Invisible Data Mining is a process of data mining where the functionalities are performed invisibly.
1. Search Engines
2. Intelligent Database System
3. e-mail managers
Advantages:
Improved decision-making: Ubiquitous data mining can provide valuable insights into customer
behavior, market trends, and other important factors, enabling organizations to make more
informed decisions.
Personalized services: Ubiquitous data mining can enable personalized services, such as
customized product recommendations or personalized healthcare treatments, that can improve the
overall customer experience.
Improved efficiency: Ubiquitous data mining can help streamline business processes, enabling
organizations to operate more efficiently.
Disadvantages:
Privacy concerns: Ubiquitous data mining can raise privacy concerns, as it involves collecting and
analyzing data about individuals without their explicit consent.
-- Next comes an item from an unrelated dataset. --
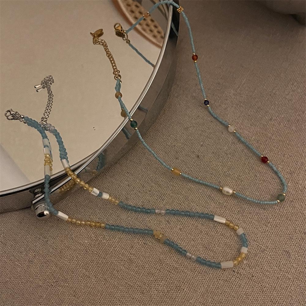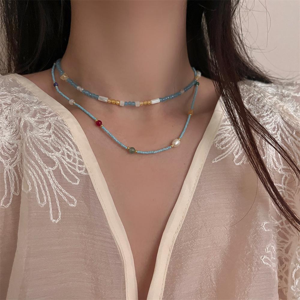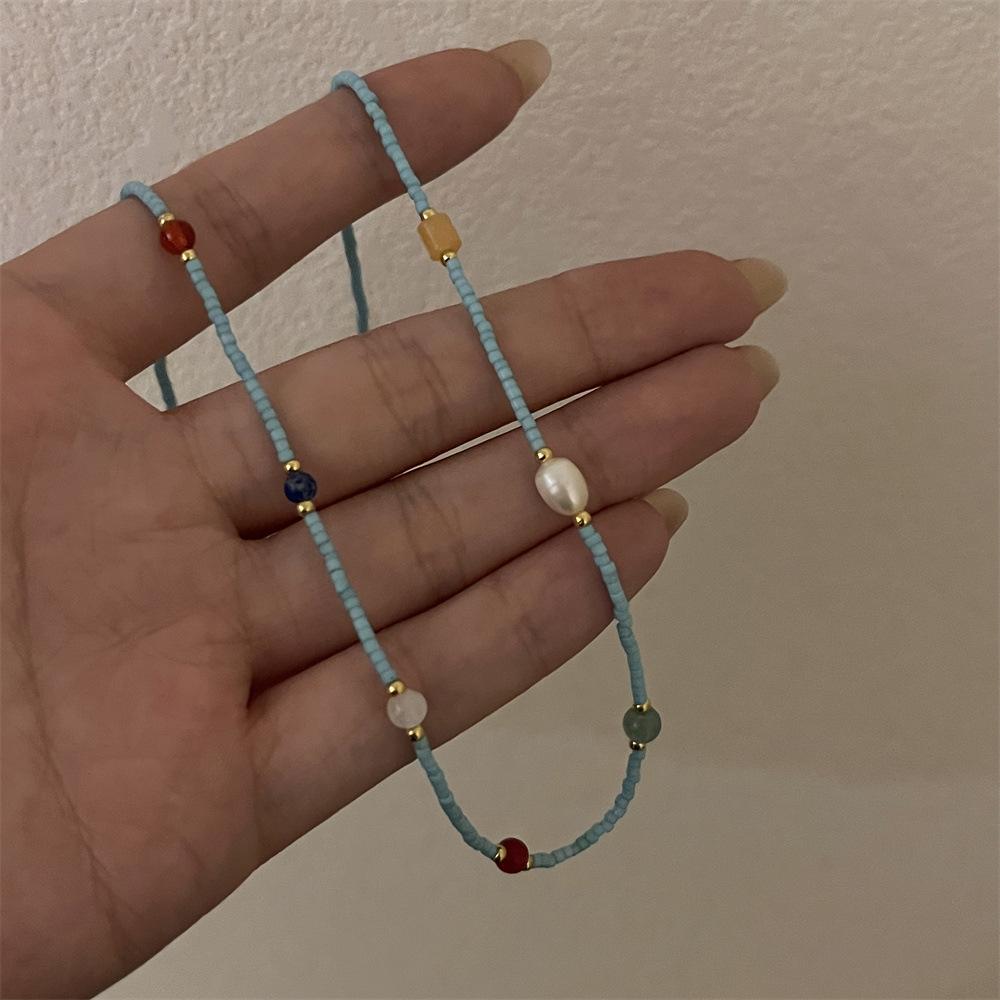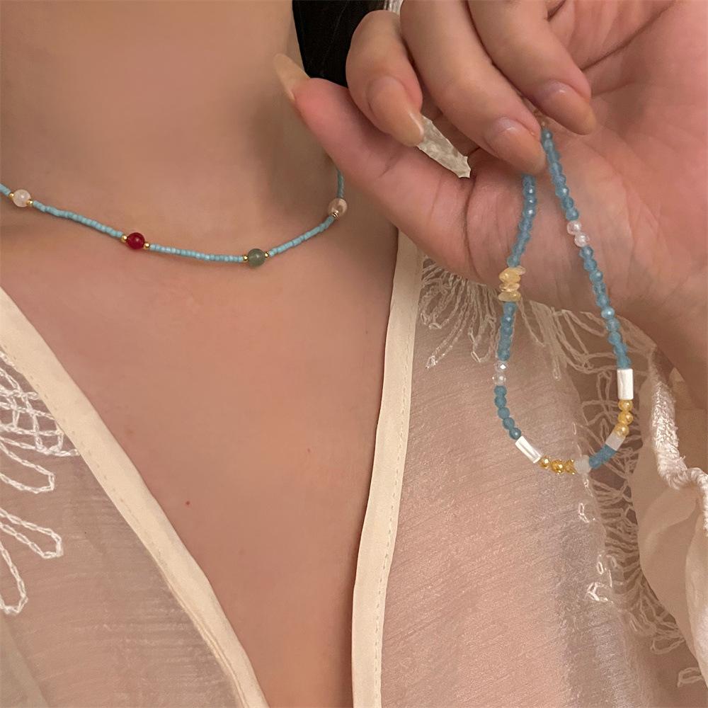 Collar de cuentas azules frescas Mint Mambo con ágata, perla de agua dulce, piedra natural, cadena de clavícula superpuesta.

This can result in the disclosure of
sensitive information, which can have negative consequences for individuals.
Security risks: The data used in ubiquitous data mining can be subject to security risks, such as
unauthorized access or hacking, which can result in the exposure of sensitive information.
Bias: Ubiquitous data mining algorithms can be biased, which can lead to discriminatory outcomes
or reinforce existing biases.
Advantages:
Less intrusive: Invisible data mining can be less intrusive than other forms of data mining, as
individuals may be less aware that their data is being collected and analyzed.
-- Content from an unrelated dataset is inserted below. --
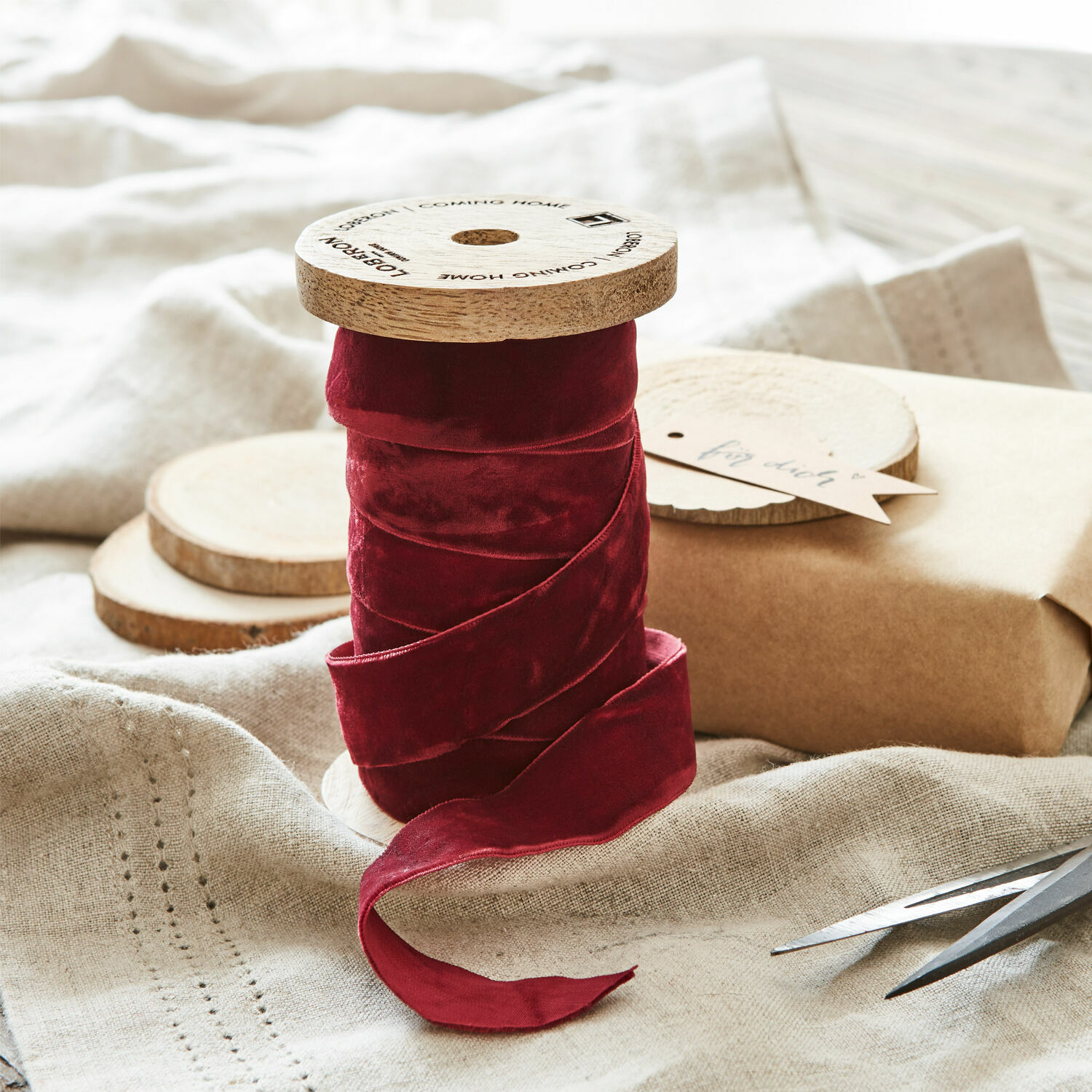 Meistens verschwinden die kleinen Haushaltshelfer nach Gebrauch schnell wieder in der Schublade. Nicht so diese Samtband-Spule. Standhaft setzt sie sich mit einer Spule aus wertvollem Mangoholz und einem Schmuckband aus weichem Samt nobel in Szene. Das LOBERON-Branding sorgt für das i-Tüpfelchen und verrät die Herkunft des hübschen Accessoires. Der Retro-Charme ist unverkennbar. Und die Vielseitigkeit ist enorm. Denn das originelle Design ist zusammen mit schönen Stoffen und kleinen Schmuckstücken auch als Dekoakzent perfekt einsetzbar. Das 1 m langes Samtband mit einseitigem Flor lässt sich komplett abrollen und verleiht Ihren kreativ verpackten Geschenken ein edles Finish. Stil und Funktion können eben wunderbar harmonieren.

Improved decision-making: Invisible data mining can provide valuable insights into customer
behavior, market trends, and other important factors, enabling organizations to make more informed
decisions.
Personalized services: Invisible data mining can enable personalized services, such as customized
product recommendations or personalized healthcare treatments, that can improve the overall
customer experience.
Disadvantages:
Lack of transparency: Invisible data mining can lack transparency, as individuals may be unaware
that their data is being collected and analyzed.
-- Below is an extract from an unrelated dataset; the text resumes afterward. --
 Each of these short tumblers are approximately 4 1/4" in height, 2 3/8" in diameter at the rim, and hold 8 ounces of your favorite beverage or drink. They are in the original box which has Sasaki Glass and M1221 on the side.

Privacy concerns: Invisible data mining can raise privacy concerns, as it involves collecting and
analyzing data about individuals without their explicit consent.
Security risks: The data used in invisible data mining can be subject to security risks, such as
unauthorized access or hacking, which can result in the exposure of sensitive information.
Advantages:
Improved security: Data mining can help identify patterns and anomalies that could indicate security
breaches, enabling organizations to take action to prevent future attacks.
Personalized services: Data mining can enable personalized services, such as customized product
recommendations or personalized healthcare treatments, that can improve the overall customer experience.
Improved decision making: Data mining can provide insights into customer behavior, market trends, and
other important factors, enabling organizations to make more informed decisions.
Improved efficiency: Data mining can help streamline business processes, enabling organizations to
operate more efficiently.
Disadvantages:
Privacy concerns: Data mining can raise privacy concerns, as it involves collecting and analyzing data
about individuals without their explicit consent. This can result in the disclosure of sensitive information,
which can have negative consequences for individuals.
Security risks: The data used in data mining can be subject to security risks, such as unauthorized access
or hacking, which can result in the exposure of sensitive information.
Bias: Data mining algorithms can be biased, which can lead to discriminatory outcomes or reinforce
existing biases.
Social impacts: Data mining can have social impacts, such as increasing surveillance and reducing
personal autonomy, which can have negative consequences for society as a whole.
Conclusion:
Data mining has several advantages and disadvantages when it comes to privacy, security, and social
impacts. While it can provide valuable insights and improve efficiency, it is important to carefully consider
the potential risks and impacts before implementing data mining practices. Organizations must take steps
to mitigate risks and protect the privacy and security of individuals, while also ensuring that data mining is
conducted in an ethical and responsible manner.